Abby is honest on and off the field, including about her complex feelings around coming out (“[I]t didn’t matter to the way that I played the game,” she once said, “but it does matter to who I am as a person”), as well as the joy her marriage and family bring her. Along with her wife, Glennon Doyle, she talks about important, sometimes thorny issues, like systemic racism and how white women can be better allies. “If you don’t like me, that’s not my problem. Not my worry, either,” Abby once said in Time. She doesn’t bend over backward to make people comfortable; she’s too busy for that, and life’s too short.
Just like she owns her wins, Abby Wambach owns her failures: the losing games, the time she didn’t make the starting lineup for her last-ever World Cup, even an arrest for drunk driving that she said humiliated her into getting clean. “Failure is not something to be ashamed of—nor is it proof of unworthiness,” she said. “Failure is something to be powered by. When we live afraid to fail, we don’t take risks. We don’t bring our entire selves to the table—so we wind up failing before we even begin. Let’s stop worrying: What if I fail? Instead, let’s promise ourselves: When I fail, I’ll stick around.”

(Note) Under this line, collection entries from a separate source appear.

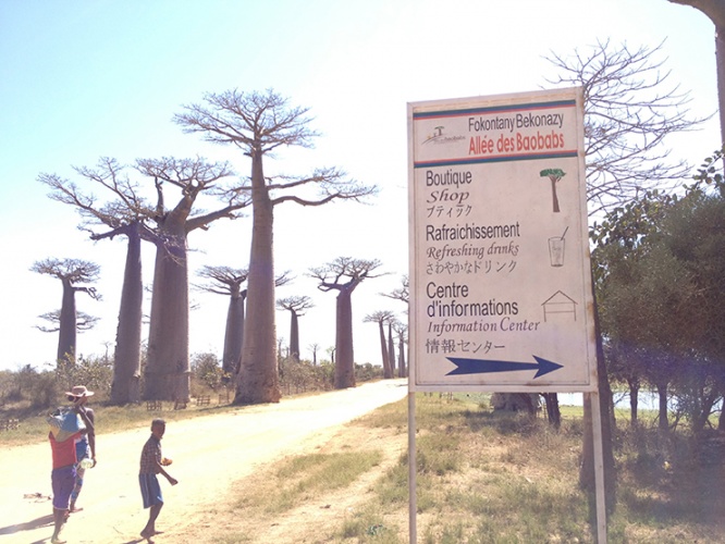 有名なバオバブ並木の入口には看板があり、日本語も表示されています。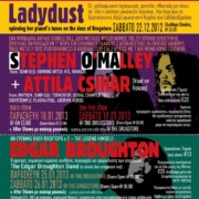 Ladydust has shared the stage with artists such as: Orbital (UK), Tricky (UK), Nadine Shah (UK), Get Well Soon (DE), Sivert Hoyem (NO), Craig Walker (IR), Mecano (NL), Irish Goodbyes (WI), The Soup (NO), Steve Wynn (US), Dan Stuart (US), Pierced Arrows (US), Phil Shoenfelt (UK), Dream Syndicate (US), Chris Hughes (AU), Cold Reading (CH), King Gizzard & the Lizard Wizard (AU), Actress (UK), Loco Dice (DE), and Dubfire (IR/US).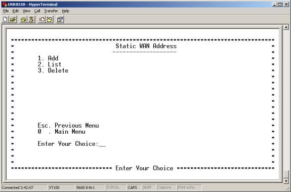Enter 3 at the Basic Menu. The WAN Setup Menu appears. This menu allows you list, configure, or delete ATM PVCs. Each option takes you to another screen.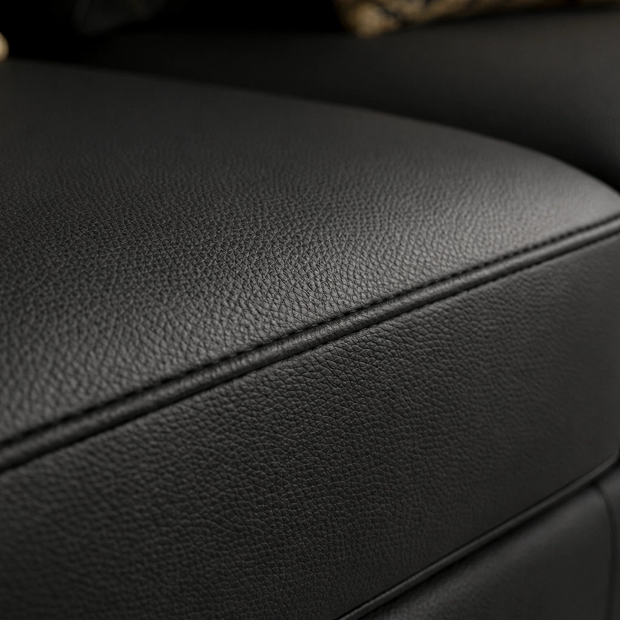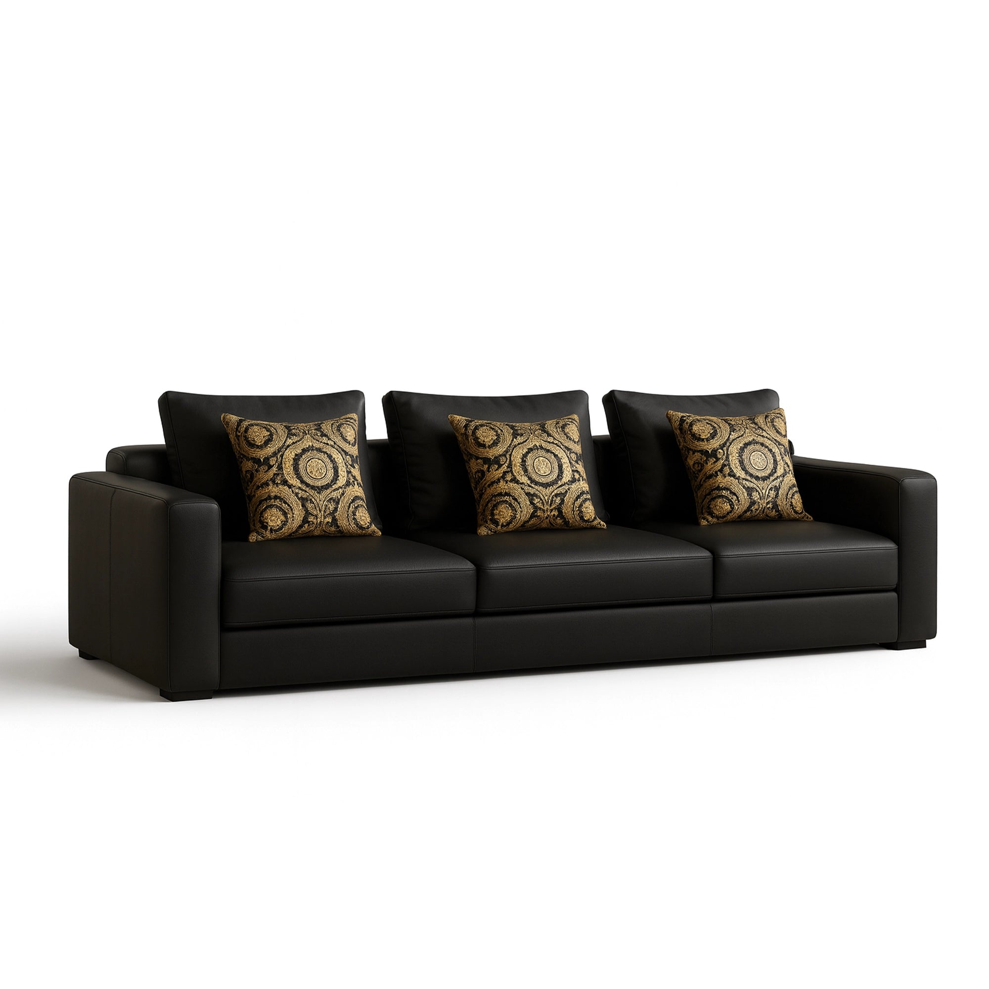 This sofa features a sleek, structured design with clean lines and a bold, contemporary presence. Upholstered in a smooth, dark finish and paired with elegant accent cushions, it brings a sense of modern sophistication to the living space. Designed for comfort and durability, it offers supportive seating with a timeless, confident style.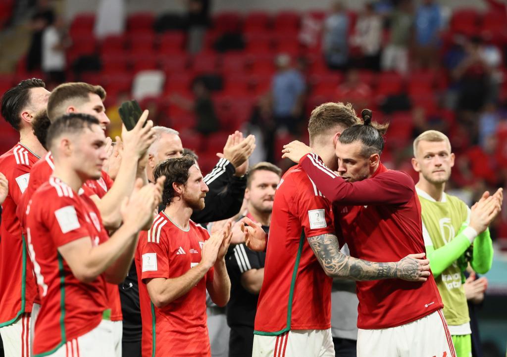 11月29日,威尔士队球员加雷斯·贝尔(右二)在比赛后与队友拥抱。新华社记者 兰红光 摄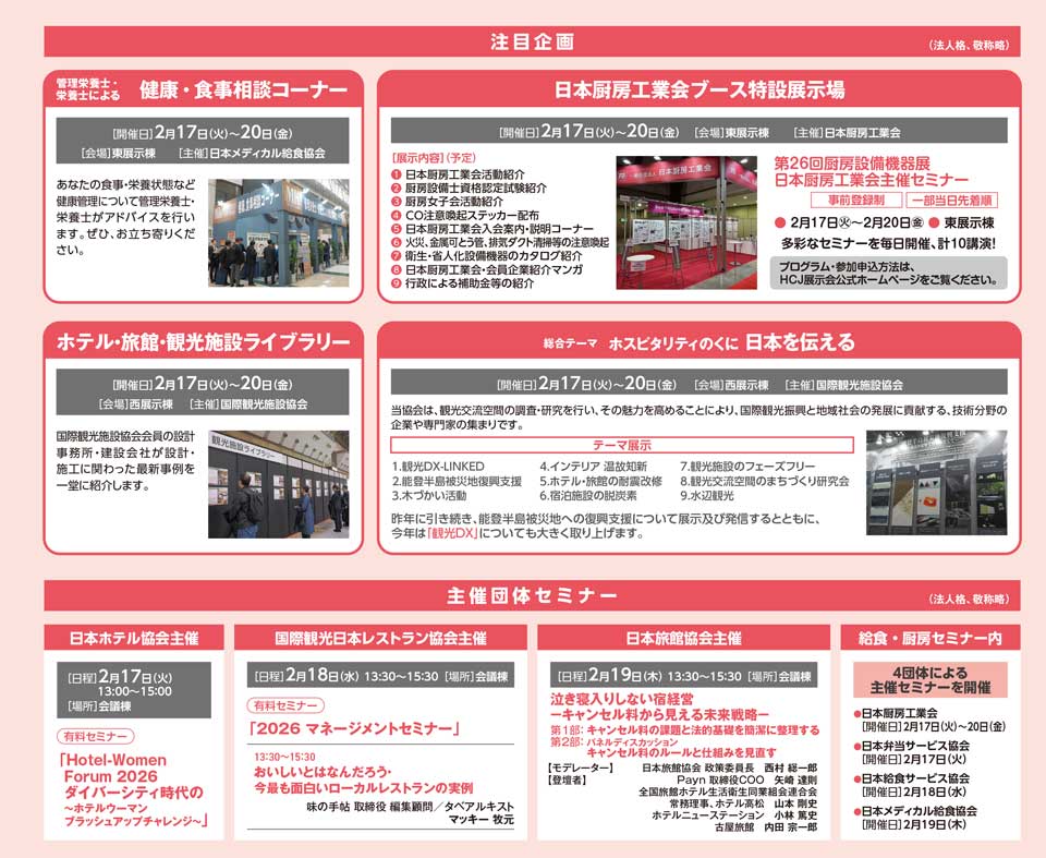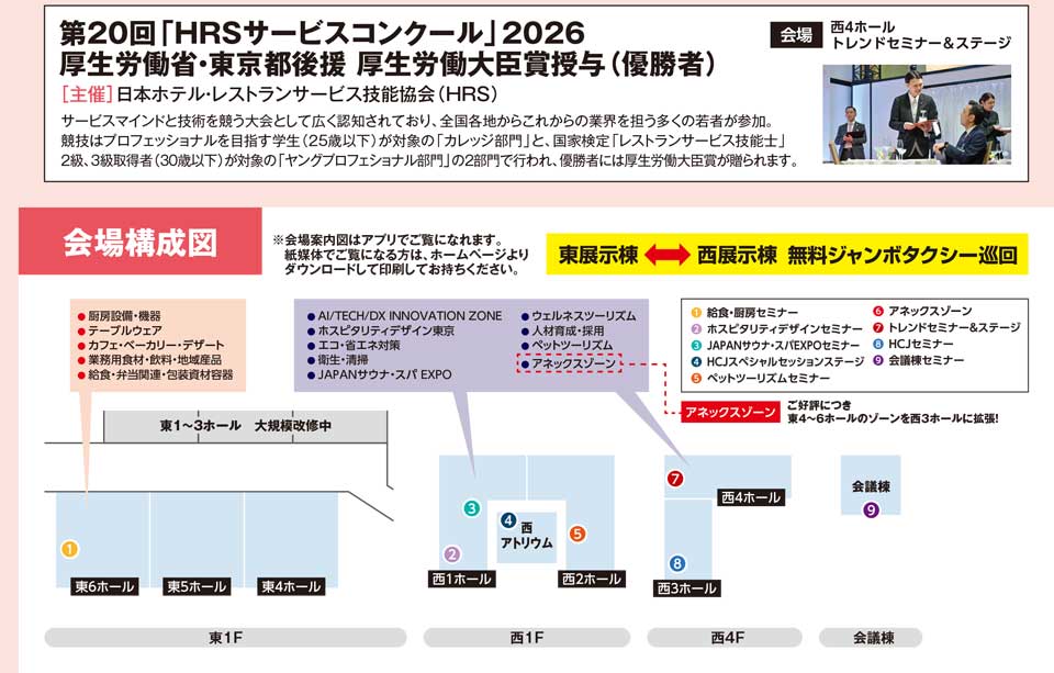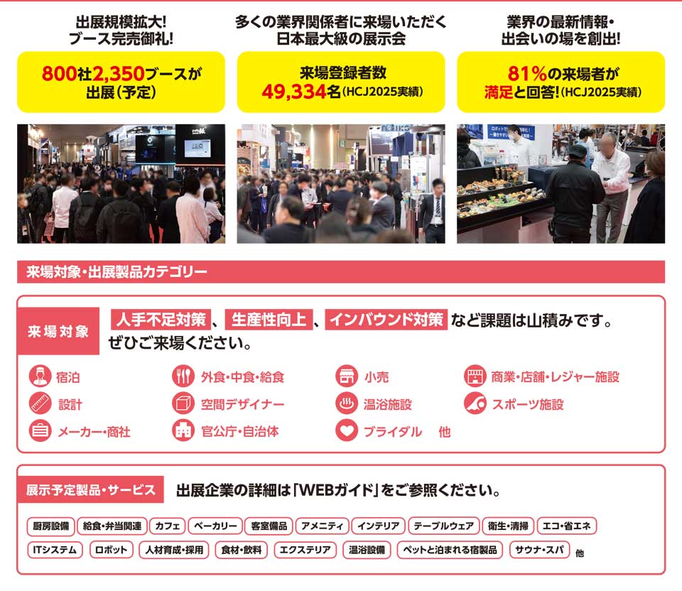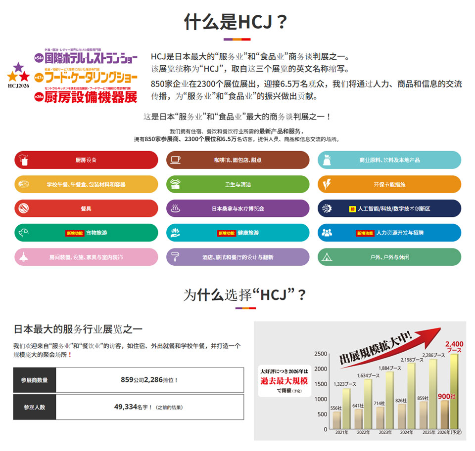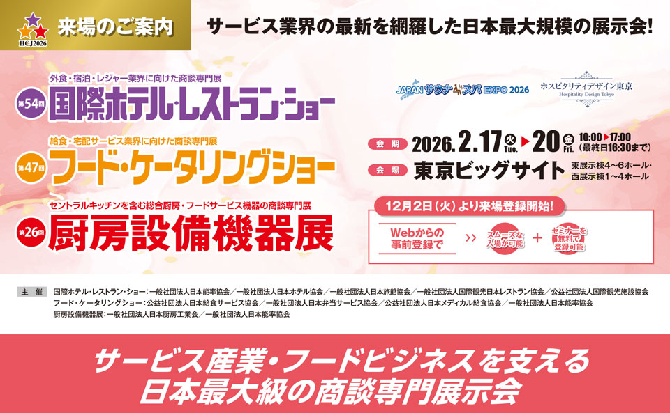 日本东京国际酒店、餐饮设备品及食品服务展(HOTERES JAPAN)将于2026年2月17日至20日在东京国际展览中心(Tokyo Big Sight)举行,由日本能率协会主办。作为1972年创办的日本最大规模酒店餐饮设备专业展,本届预计展出面积26,500平方米,汇集841家参展企业、1,900个展位,吸引68,000名专业买家。展会涵盖餐厨用品、客房大堂设备、清洁洗衣系统、纺织布艺、咖啡茶饮、智能酒店科技等全品类,深度对接日本44.6万亿日元的酒店餐饮业市场。凭借东京在亚洲酒店业的核心地位,该展已成为世界最专业的酒店业贸易平台之一,是开拓日本及亚洲高端供应链市场的首选渠道。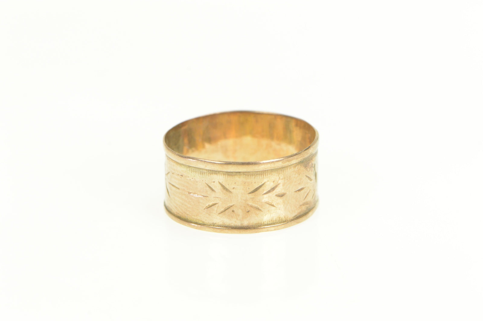 ·Item: 10K Victorian 8.6mm Vine Leaf Pattern Band Ring Size 6.75 Yellow Gold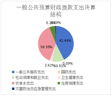 2024年度一般公共预算财政拨款支出2216.67万元,主要用于以下方面:一般公共服务支出940.67万元,占42.44%;国防支出2.00万元,占0.09%;社会保障和就业支出233.03万元,占10.51%;卫生健康支出57.99万元,占2.62%;农林水支出850.21万元,占38.35%;;住房保障支出115.23万元,占5.20%;灾害防治及应急管理支出17.54万元,占0.79%。

“Women have learned that we can be grateful for what we have while also demanding what we deserve.”
—ABBY WAMBACH
After the U.S. team won the World Cup in 2015, Abby immediately ran to the stands and kissed her then wife, Sarah Huffman. It became an iconic moment because of how revolutionary it felt to see same-sex couples celebrate their love and each other’s achievements in such a public forum. The following year, Abby got divorced, and talked publicly about the toll her struggles with substance abuse took on her relationship. After her second marriage, to Glennon, she has been just as candid about the challenges and rewards of parenting.
Hillary
In 2015, Abby retired from professional soccer. Retirement can be a terrifyin
g moment in any athlete’s life, and that was certainly true for Abby. “Without soccer who would I be?” she asked herself.
Then one day, her sponsor Gatorade surprised her by unveiling a plan for her send-off commercial. The message was simple: “Forget me.” “They knew I wanted my legacy to be ensuring the future success of the sport I’d dedicated my life to,” Abby said. “If my name were forgotten, that would mean that the women who came behind me were breaking records, winning championships, and pushing the game to new heights. When I shot the commercial, I cried.”
Those words still ring in my head: “Forget me.” I look forward to voting for the first woman president as surely as Abby looks forward to cheering on future championship teams. It’s nice to be remembered. But Abby is right: Sometimes it’s more powerful to pave the way for others.
Michelle Kwan
Hillary
In the fall of 1992, Michelle Kwan’s figure skating coach went out of town. When he came back a week later, he got some surprising news. While he was gone, his quiet, rule-following twelve-year-old student had taken the test to move up to the senior competition level—without his permission. Frank Carroll had wanted Michelle to wait, to spend the year winning at the junior level instead of moving up to compete against older, more experienced skaters.